The posts of Chairman and Group Chief Executive are separated. The Chairman is responsible for the workings and leadership of the Board and for the balance of its membership. The Chief Executive is responsible for leading and managing the business within the authorities delegated by the Board.
The Executive Director Board members are Jeremy Helsby, CEO and Simon Shaw, CFO. Martin Angle, Timothy Ingram, Charles McVeigh are independent Non-Executive Directors. The Board considers that the Non-Executive Directors are independent of management and have no business or other relationship which could interfere materially with the exercise of their judgment.
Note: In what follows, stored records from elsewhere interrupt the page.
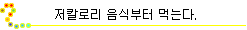 TD class=text>매일 콜라를 2캔씩 마신다고 가정했을 때 일반 콜라를 다이어트 콜라로 바꿔 마시게 되면 이것만으로도 1년에 7kg정도의 체중감량 효과를 볼 수 있다. 또한 달걀을 먹을 때도 흰자만 먹는 습관을 들이면 달걀 한 개 열량인 75kcal에서 17kcal를 줄이게 된다. 또한 매일 우유를 두 잔씩 마신다고 하면 지방이 적은 저지방 우유나 탈지 우유로 바꿔 마실 경우 1년에 3,3kg의 체중 감량 효과를 거둘 수 있다.
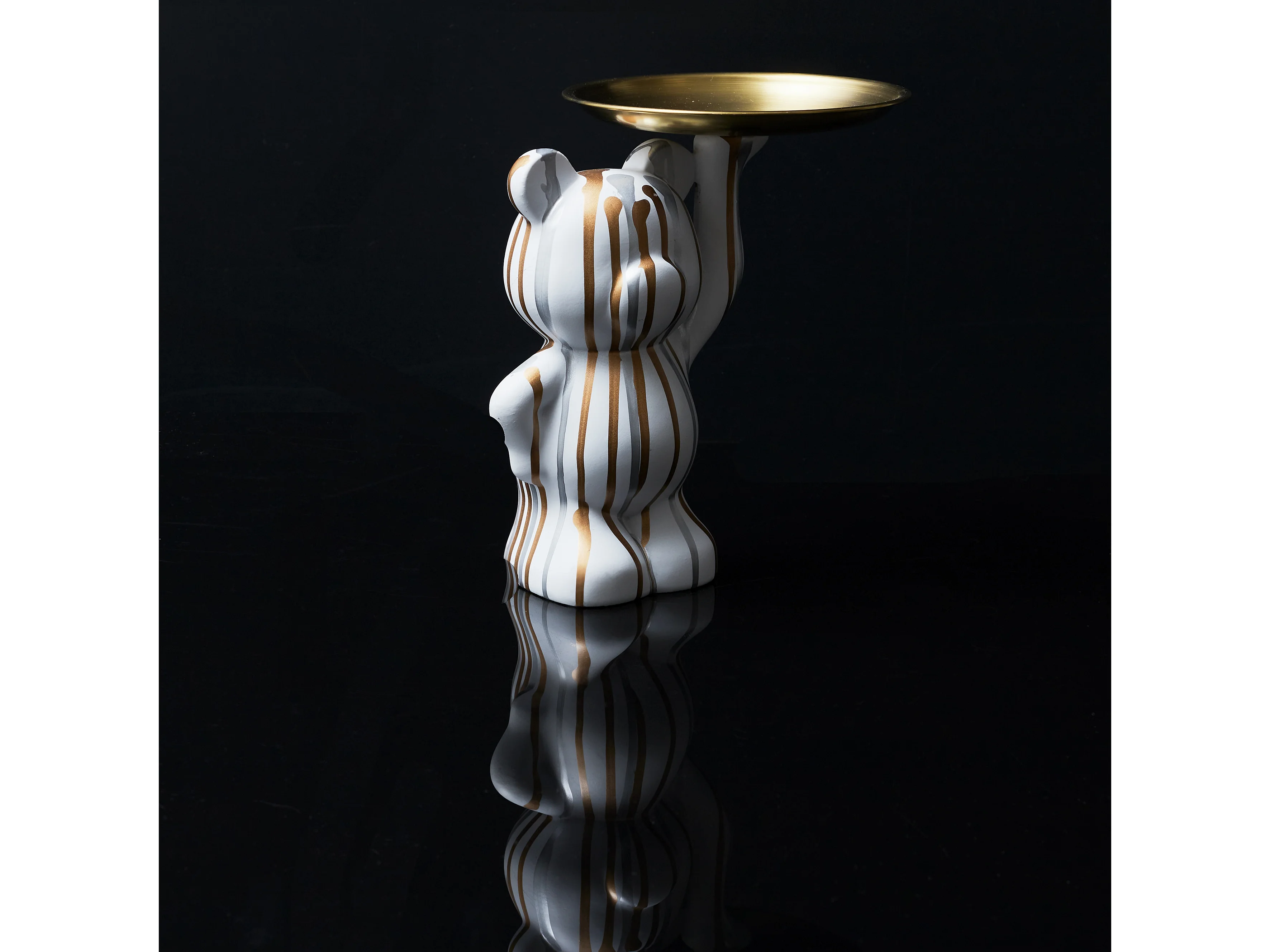 Vide-Poche ours blanc/or/argent plateau en l'air
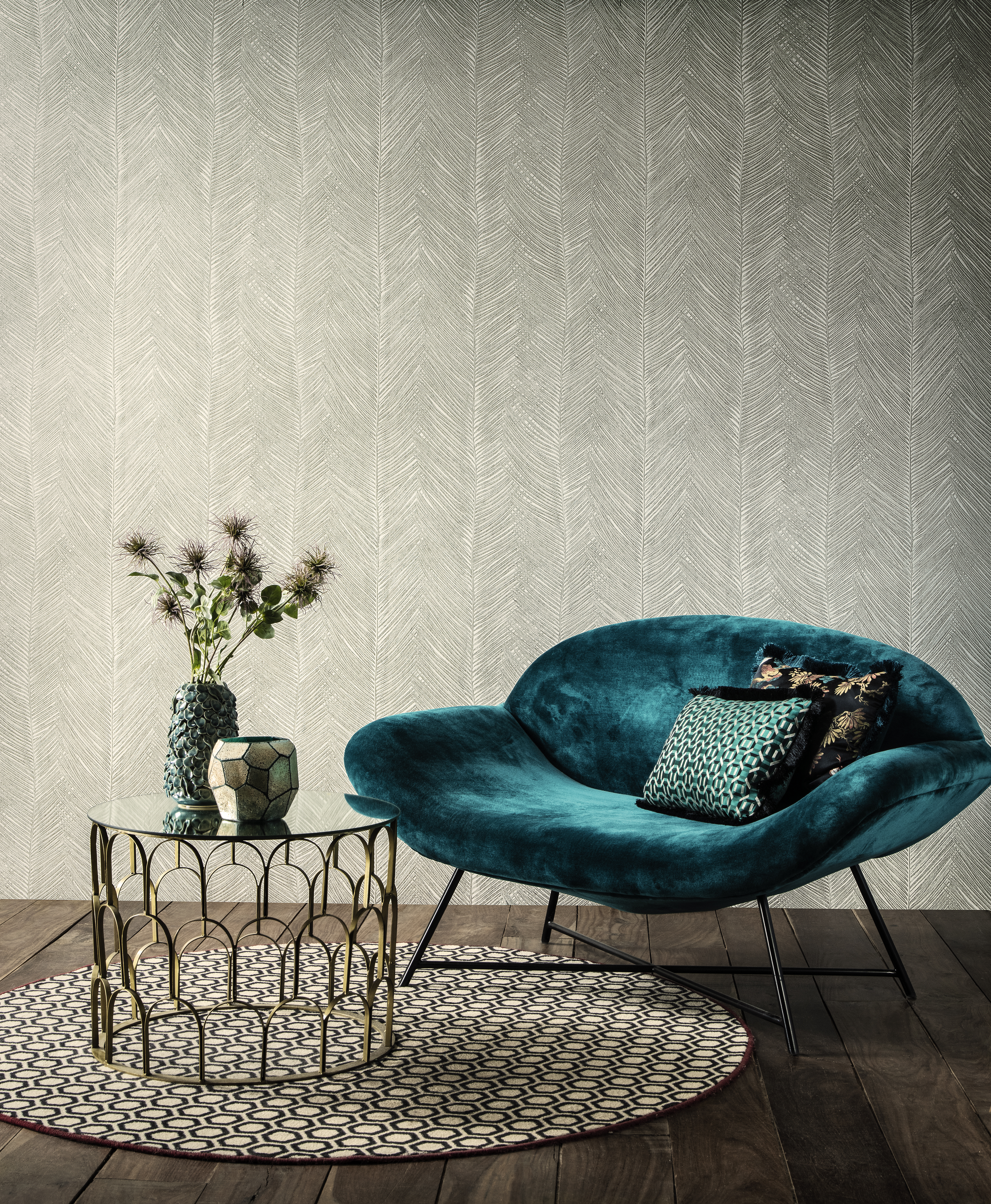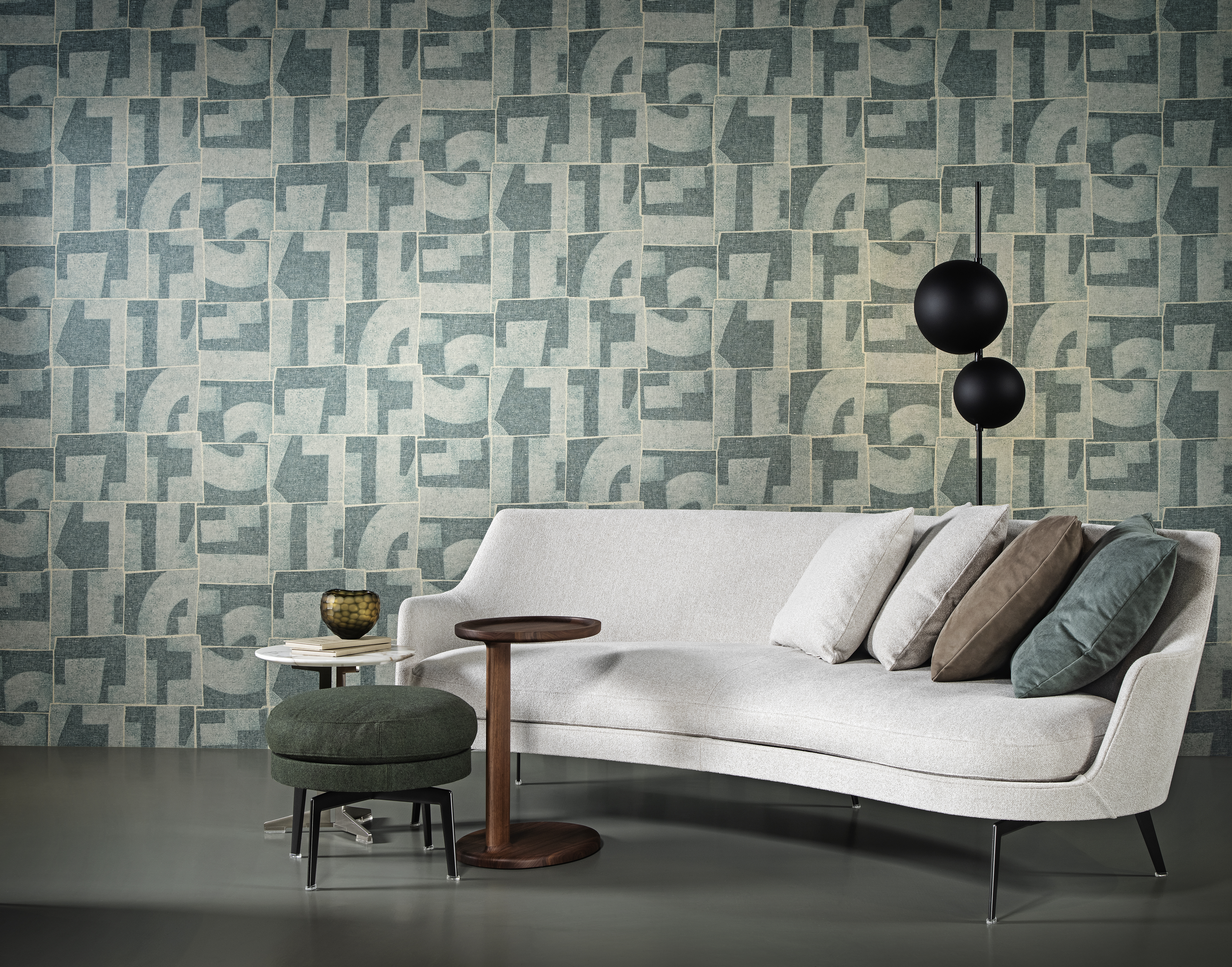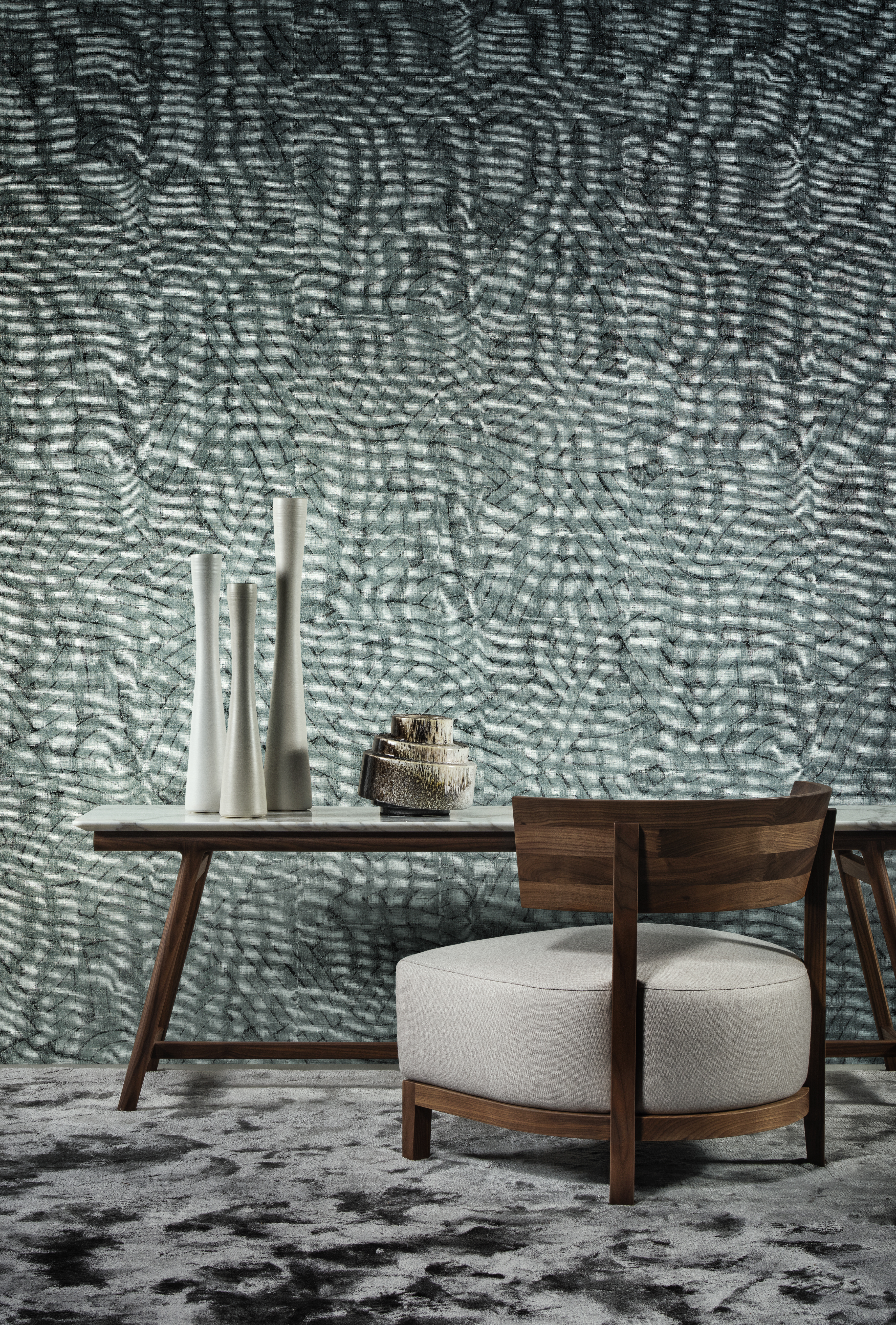 Ook blauw is een veelvoorkomende kleur in het assortiment van Arte. Het op zijde geïnspireerde Dessin Tasar ligt bijvoorbeeld in deze tint op de markt. Maar ook Dessin Module met haar tijdloze geometrische design en het glamoureuze, vintage Dessin Talamanca zijn in koninklijke blauw verkrijgbaar.
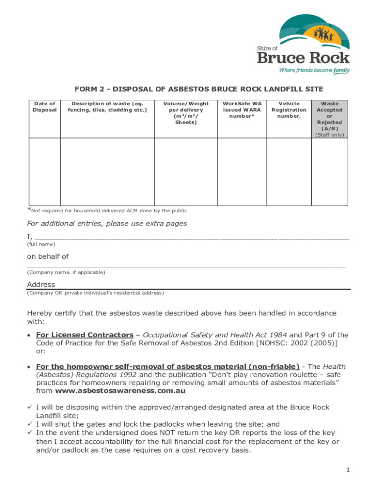 Get the free FORM 2 - DISPOSAL OF ASBESTOS BRUCE ROCK LANDFILL SITE
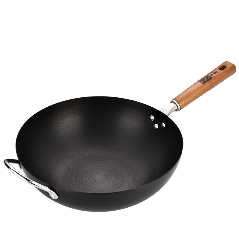 メーカー卸売、良きパートナー、もう一つの喜び、焦げ付き防止の木製ハンドル付き鉄鍋、炒め鍋、屋台や移動販売活動の景品
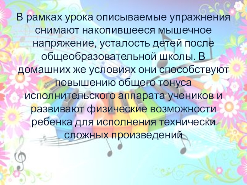 после общеобразовательной школы. В домашних же условиях они способствуют повышению общего тонуса исполнительского аппарата учеников и развивают физические возможности ребенка для исполнения технически сложных произведений
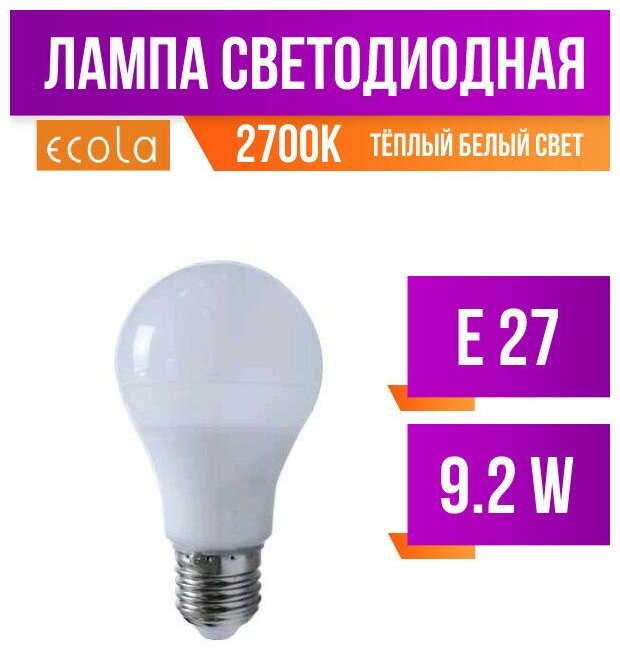 Лампа светодиодная Ecola ЛОН A60 E27 9.2W (9W) 2700K 2K 111x60 360° Premium K7SW92ELB информация:
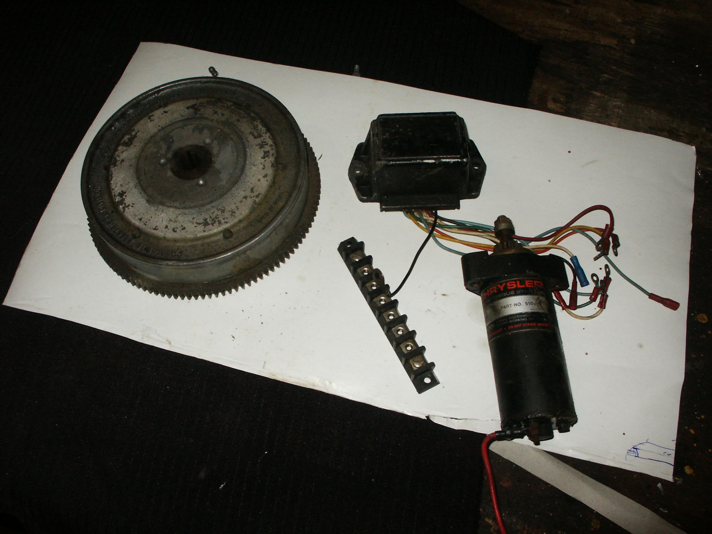 На других фото маховик и стартер от 12.5 л.с КРАЙСЛЕРА, можно выточить вал и чё то соорудить, я так думаю, может соберусь и попробую, а может обратно мотор собрать
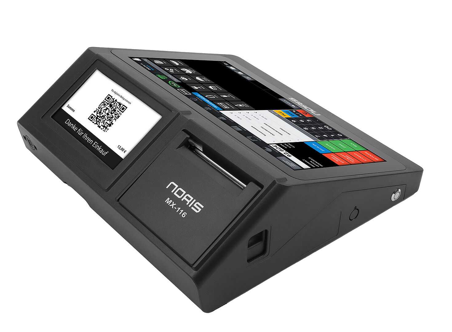 Die Noris All-In-One-Touch-Kassen der M-Linie umfasst zwei Modelle. Eins davon ist die MX-116, die für umfangreichere Aufgaben des Einzehandels und der Gatronomie bestens geeignet ist und mit einem farbigen Kunden-Display punktet.
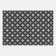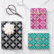 Wrapping paper in a traditional Japanese Shippo, or "seven treasures" pattern of interlocking circles with a central flower motif - flowers in shades of grey with a black and white patterned background, flowers in pastel and fuchsia pink with a deep pink and burgundy wine patterned background, and flowers in coral orange and teal with a turquoise and light aqua patterned background
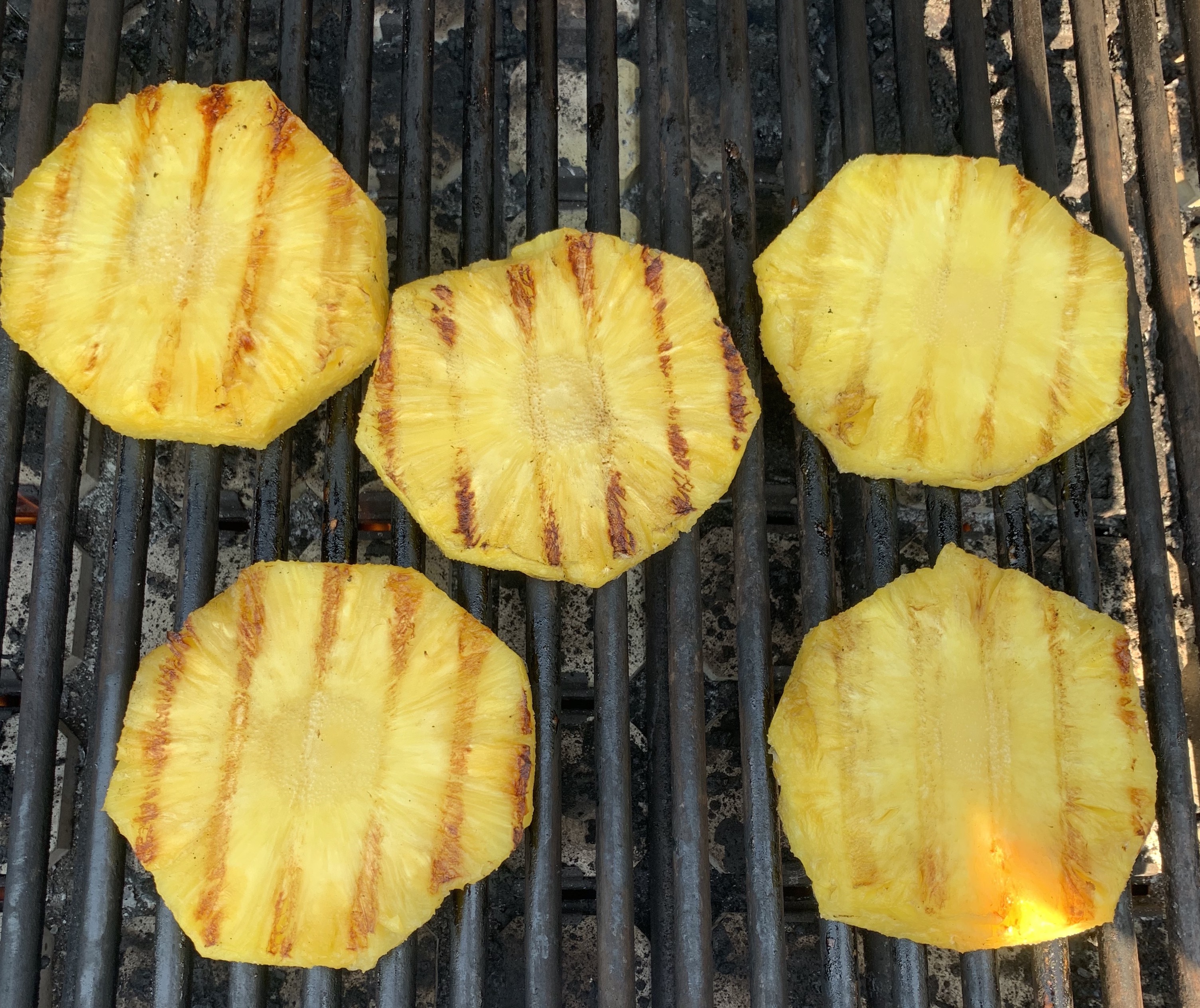 - Grill pineapple for 5-8 minutes per side, waiting till you get nice grill marks on the fruit.

Since 1 November 2004, Timothy Ingram has been the Senior Independent Director.
Functioning of the Board
The Directors receive management information, including financial, operating and strategic reports, in advance of Board meetings. The Board has adopted a formal schedule of matters specifically referred to it for decision making, although its primary role is to provide leadership and to review the overall strategic development of the Group as a whole. In addition, the Board sets the Group’s values and standards and ensure that it acts ethically and that its obligations to its shareholders are understood and met. The Board is specifically responsible for:
- approval of Group strategy and its budgetary and business plans;
- approval of significant investments, any decision to divest or close any Group business and capital expenditure;
- review of performance, assessed against the Group’s strategy, objectives, business plans and budgets;
- approval of annual and half year results and interim management statements, accounting policies and the appointment and, subject to shareholder approval, remuneration of the external auditors;
- approval of the dividend policy and interim dividends and the recommendation of final dividends;
- changes to the Group’s capital structure and the issue of any securities;
- establishing the Group’s risk appetite, system of internal control, governance and approval authorities;
- executive performance and succession planning, including the appointment of new Directors; and
- determining standard of ethics and policy in relation to business practice, health, safety, environment, social and community.
The Non-Executive Directors meet separately at least twice each year without the presence of the Executive Directors and also meet at least once a year without the Chairman, at which time the Chairman’s performance is appraised.
The Group Company Secretary is responsible for ensuring that Board procedures are followed and for advising the Board on governance matters.